* **ACTIVITY**: No pictures, no extra lines: copy exactly from the line with "- SUPERCHARGE YOUR" through the end of the entries.
+++++
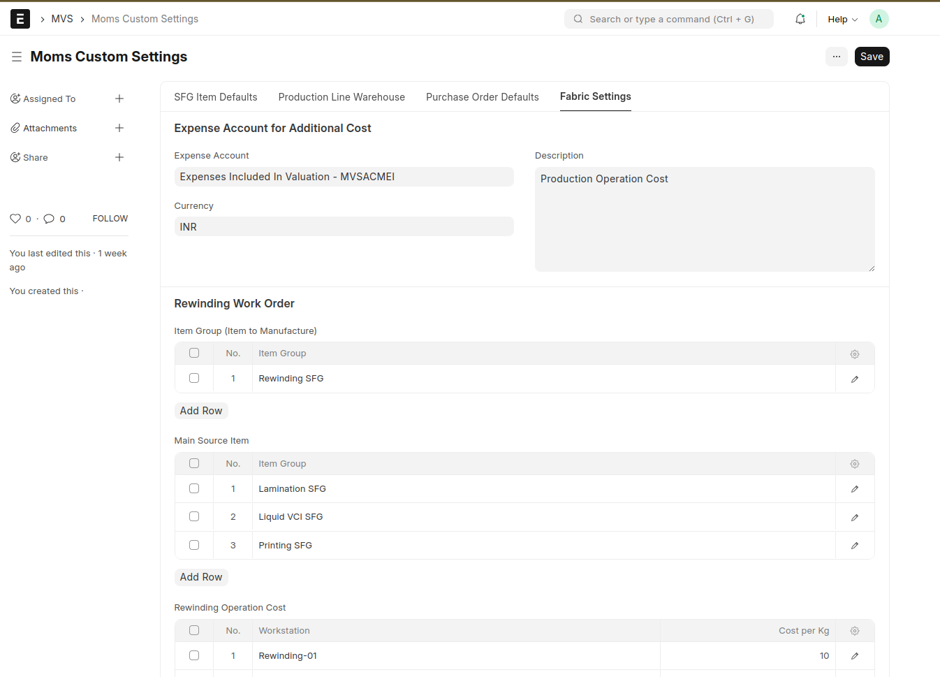 3.3 Operation Tab Additional Cost: Calculation: Source Item Total Weight (Kg): Obtain this from the Rewinding Work Order or relevant document. Workstation Cost: Refer to the "MOMS Custom Settings" doctype under the “Rewinding Operation Cost” table.
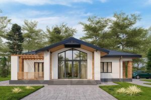 - Оконные конструкции: многочисленные большие окна наполняют дом естественным светом. Кухня-гостиная оснащена потрясающими панорамными окнами от пола до потолка, открывающими вид на природу и создающими атмосферу открытого пространства.
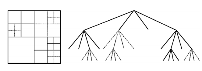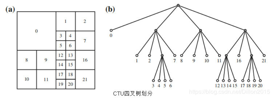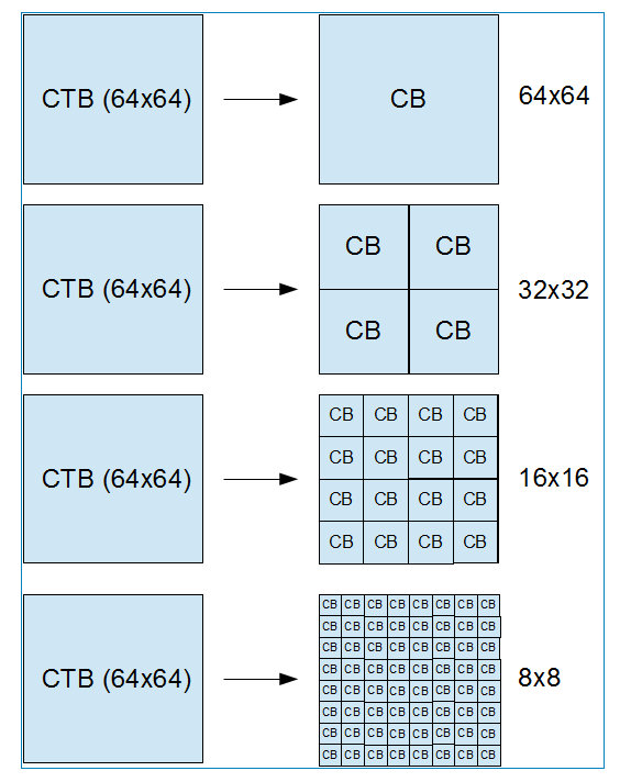 在高分辨率视频编码中,使用较大的CTB可以获得更好的压缩性能。一个CTB可以直接作为一个编码块CB,也可以进一步通过四叉树形式划分为多个小的CB,如下图所示。
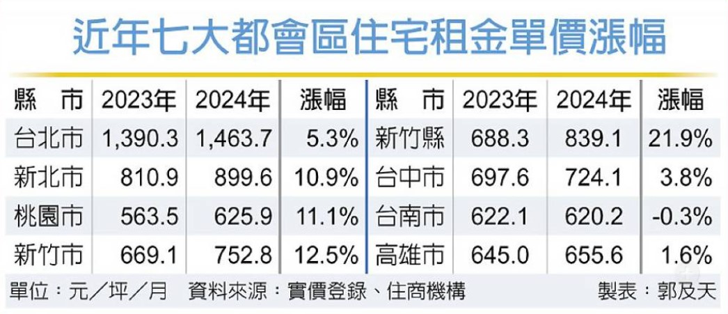 台北市去年平均租金達每坪1,463元、新北市逼近每坪900元,相當於在台北、新北租一間30坪房屋,月租金約4.3萬元、2.7萬元,過去租金水準多在每坪500、600元左右的雙北以外都會區,新竹、台中都已超過每坪700元。
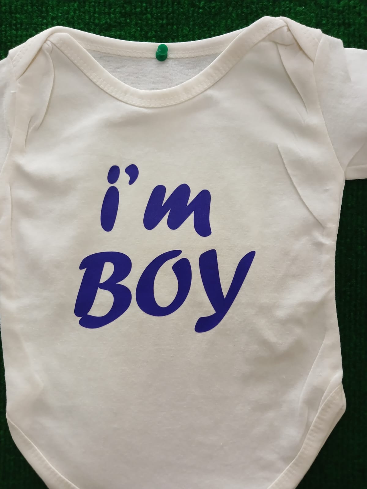 Baby Boy “I’m Boy” Cotton Romper – Short Sleeve Infant Bodysuit
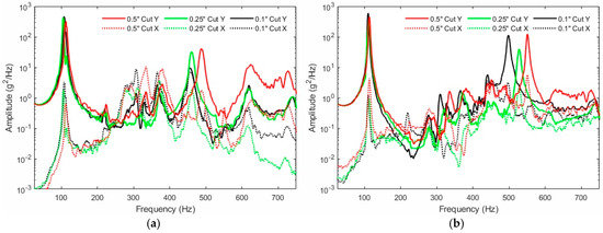 Shown in Figure 6 are the output/input plots found for the various box assembly systems from the Y-direction of the top and side accelerometers. Comparing all the systems with a cut, similar trends are observed. Once again, the results are compared to the mode shapes found in Table 3 and Table 4. For example, immediately seen are the highest responses at approximately 110–120 Hz in all the systems with a cut. This is expected since mode 1(b) in Table 3 are moving primarily in the Y-direction on the side with the accelerometer, as shown in Figure 6a. No other mode is expected to have that high displacement since no other mode is moving as much in that direction. The next mode of particular interest is mode 3, particularly mode 3(b) of all the central cut systems since that side is moving with the accelerometer. Though very slight, the side accelerometer is moving in the Y-direction, as shown in Figure 7b. Here, in the third mode of the system around 500–550 Hz, a nonlinear damping trend is observed. This trend is present in the lower modes, but not as evident as it is in the higher modes of interest.
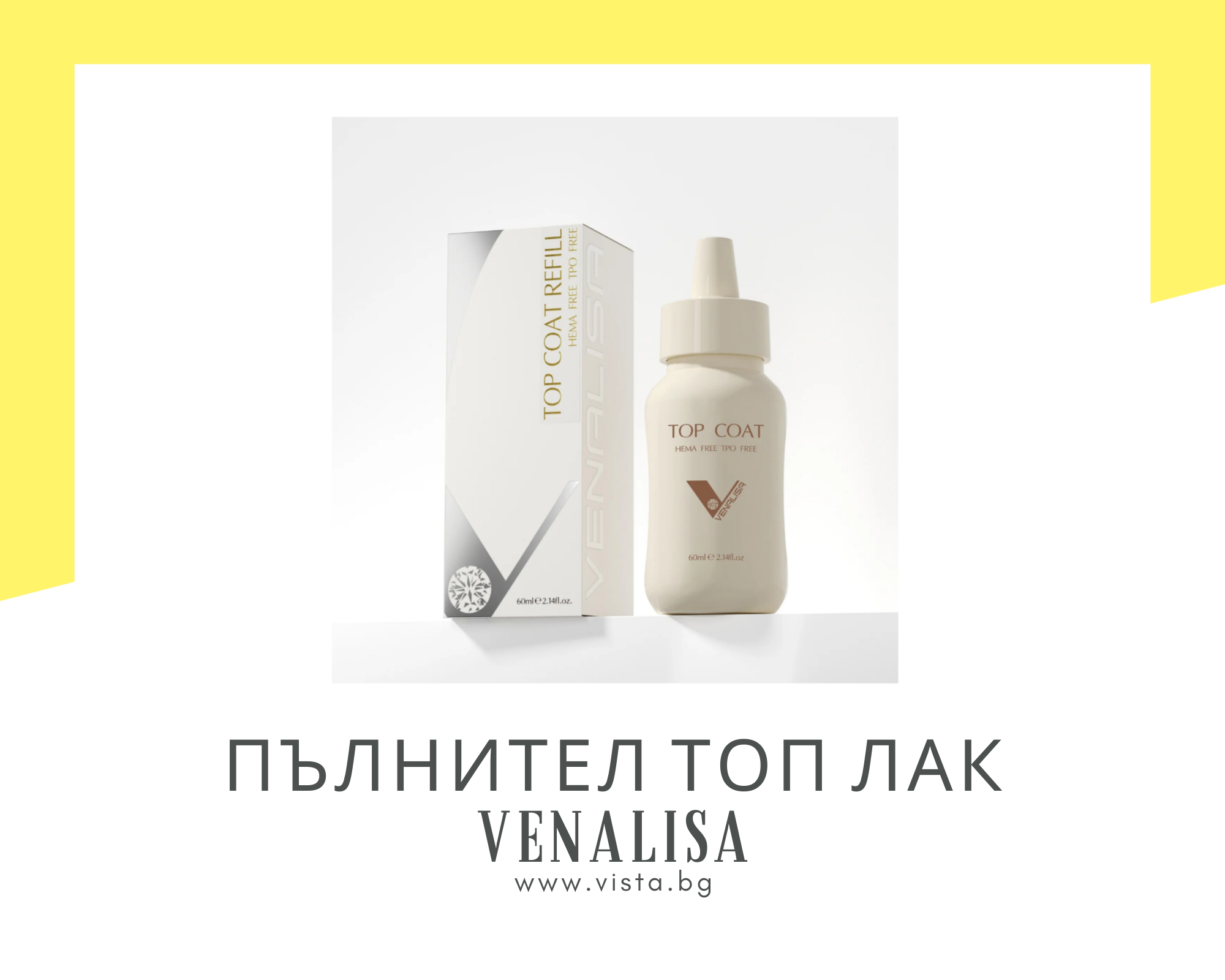 Висококачествен хипоалергенен лъскав топ лак без лепкав слой на марката VENALISA, осигуряващ блясък и дълготрайност на маникюра ви. Продуктът се предлага в разфасовка от 60 мл. пълнител.
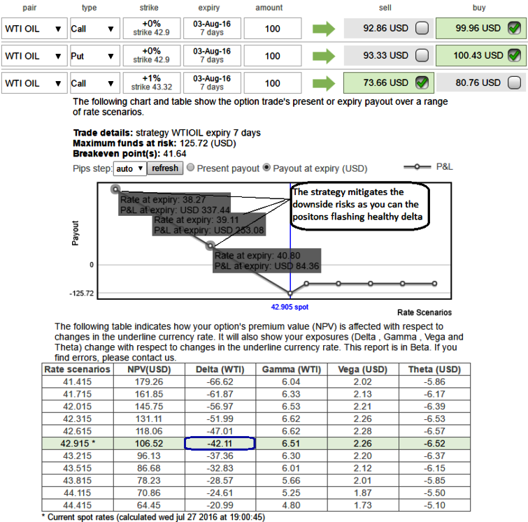 Go long in 3M At the money delta put of WTI crude, Go long 6M at the money delta call of WTI crude and simultaneously, Short 1M (1.5%) out of the money call of WTI crude with positive theta.
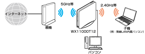 ※ 中継機(本商品)と子機の間の通信は、2.4GHz帯を使用した場合の例です。5GHz帯を使用することもできます。
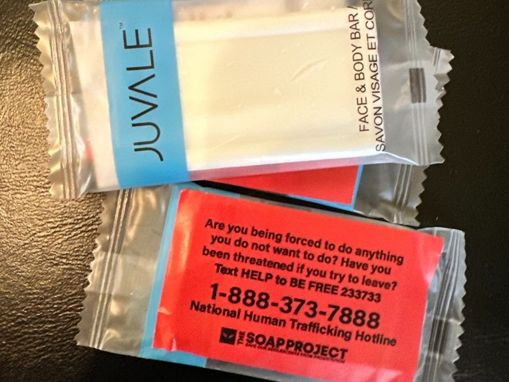 The effort was part of a collaboration with the SOAP Project, a national campaign that places discreet messages in high-risk locations such as hotels and motels. uses labeled hotel toiletries to provide critical information to trafficking victims.
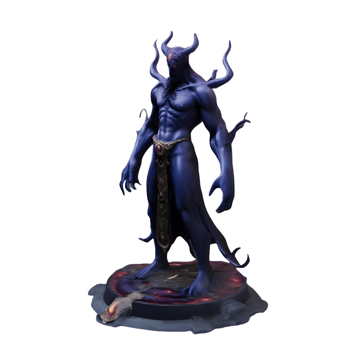 - Voidborne Entity: A sleek, humanoid demon figure with smooth, alien-like features and an aura of cosmic terror. Its twisted horns and dynamic base evoke pure otherworldly menace.
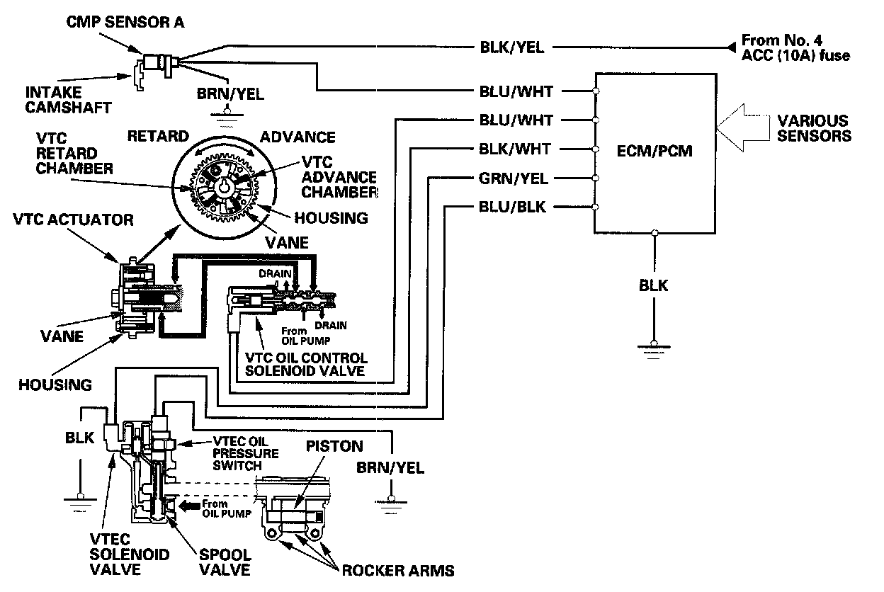 - The VTC changes the phase of the intake camshaft via oil pressure. It changes the intake valve timing continuously.
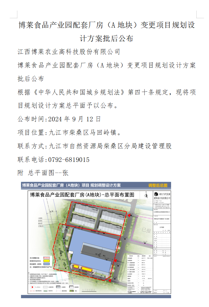 博莱食品产业园配套厂房(A地块)变更项目规划设计方案批后公布
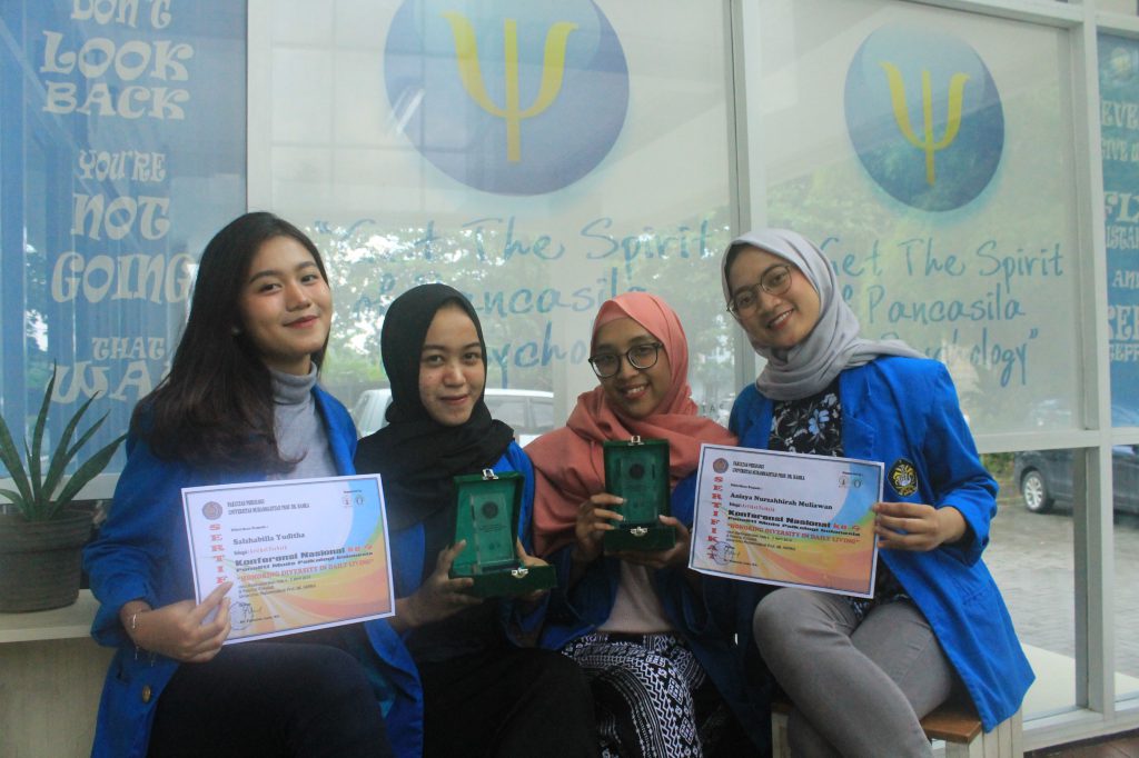Selamat kepada Anisya Nurzahirah Muliawan, Azra Humaira, Rosalina, dan Salsabila Yudhita yang telah memenangkan artikel terbaik pada Konferensi Nasional ke-4 Peneliti Muda Psikologi 2019 dengan tema Honoring Diversity in Daily Living yang diselenggarakan di Universitas Muhamadiyah Prof. Dr. Hamka pada 4-5 April 2019.
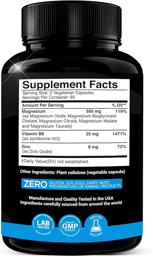 - SUPERCHARGE YOUR BODY: Our potent magnesium fusion, complemented by Vitamin B6 & Zinc, amplifies metabolism, combats fatigue, and supports cognitive sharpness and endurance. Zinc aids vital enzymes that fortify immunity for faster recovery, while B6 has shown the ability to regulate mood, focus, boost energy, and clear brain fog so you can stay on top of your game all day long.
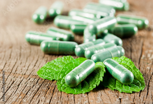 mint, wood, organic, capsule, medicine, leaf, herbal, green, healthy, natural, plant, health, herb, alternative, white, background, nature, medicals, health care, vitamin, pharmacy, drug, pill, medication, fresh
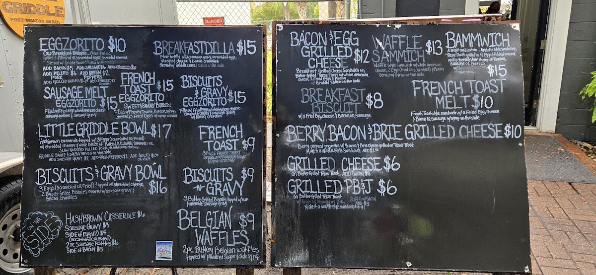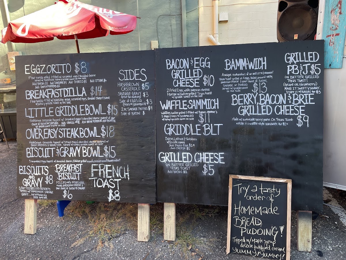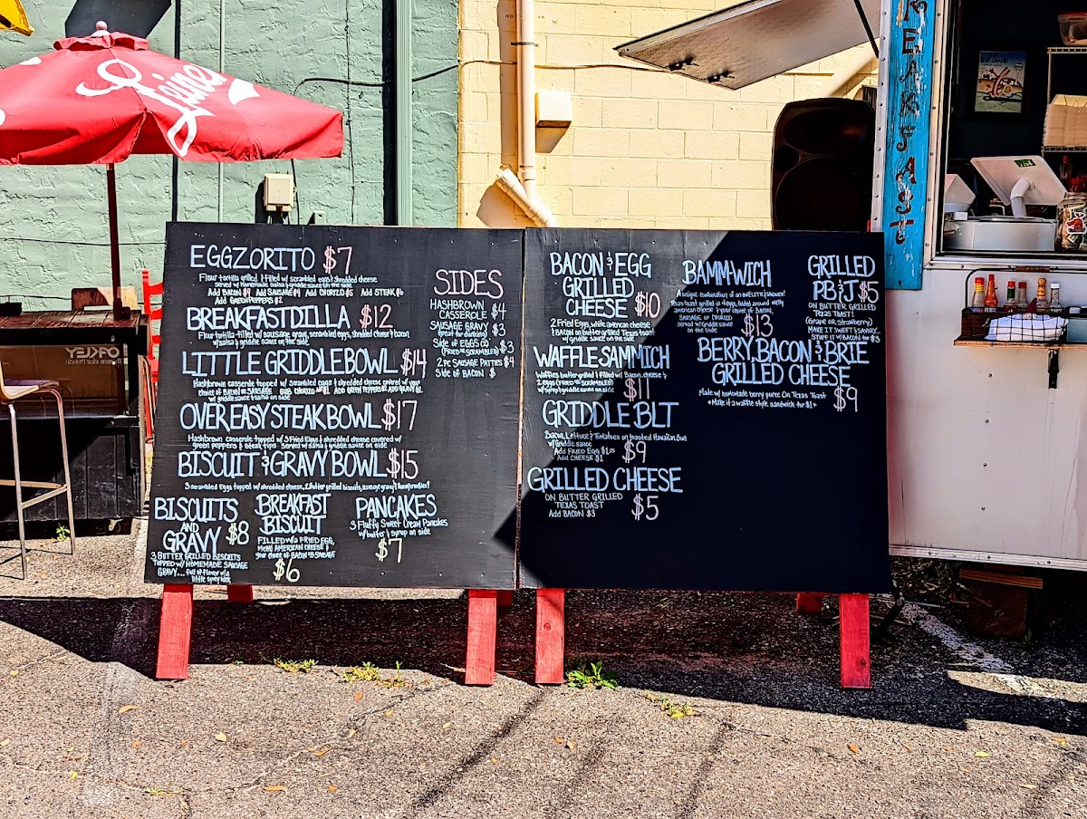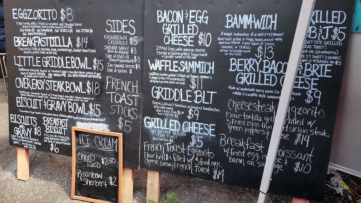 Flour tortilla grilled and filled with Sausage Gravy, 2 Chopped Biscuits, Crispy Bacon crumbles, 3 Fried Eggs and White American Cheese. Served with Salsa and Griddle Sauce on the side.
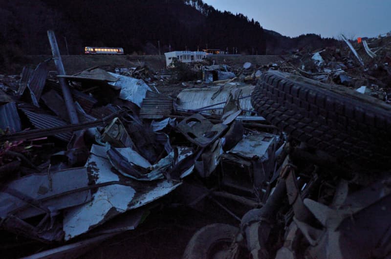 下の写真は震災から約1カ月後の4月6日に北リアス線の田老駅で見た光景です。自衛隊によって道路は通行可能になっていましたが、一面瓦礫に覆われた沿線はまだ停電したままで、時折通る車以外に灯りは一つもありません。音もなく、潮とガソリンの入り交じった臭いだけが鼻をつくその光景は、まさに地獄絵図。その時遠くから警笛が聞こえ、車内灯を煌々と輝かせた復興支援列車が姿を現しました。それはまさに絶望が支配した暗闇を照らす、希望の灯火に思えました。僕は号泣しながら撮影しました。
+++++
* **TASK RESULT**:
 - SUPERCHARGE YOUR BODY: Our potent magnesium fusion, complemented by Vitamin B6 & Zinc, amplifies metabolism, combats fatigue, and supports cognitive sharpness and endurance. Zinc aids vital enzymes that fortify immunity for faster recovery, while B6 has shown the ability to regulate mood, focus, boost energy, and clear brain fog so you can stay on top of your game all day long.
 mint, wood, organic, capsule, medicine, leaf, herbal, green, healthy, natural, plant, health, herb, alternative, white, background, nature, medicals, health care, vitamin, pharmacy, drug, pill, medication, fresh
 Flour tortilla grilled and filled with Sausage Gravy, 2 Chopped Biscuits, Crispy Bacon crumbles, 3 Fried Eggs and White American Cheese. Served with Salsa and Griddle Sauce on the side.
 下の写真は震災から約1カ月後の4月6日に北リアス線の田老駅で見た光景です。自衛隊によって道路は通行可能になっていましたが、一面瓦礫に覆われた沿線はまだ停電したままで、時折通る車以外に灯りは一つもありません。音もなく、潮とガソリンの入り交じった臭いだけが鼻をつくその光景は、まさに地獄絵図。その時遠くから警笛が聞こえ、車内灯を煌々と輝かせた復興支援列車が姿を現しました。それはまさに絶望が支配した暗闇を照らす、希望の灯火に思えました。僕は号泣しながら撮影しました。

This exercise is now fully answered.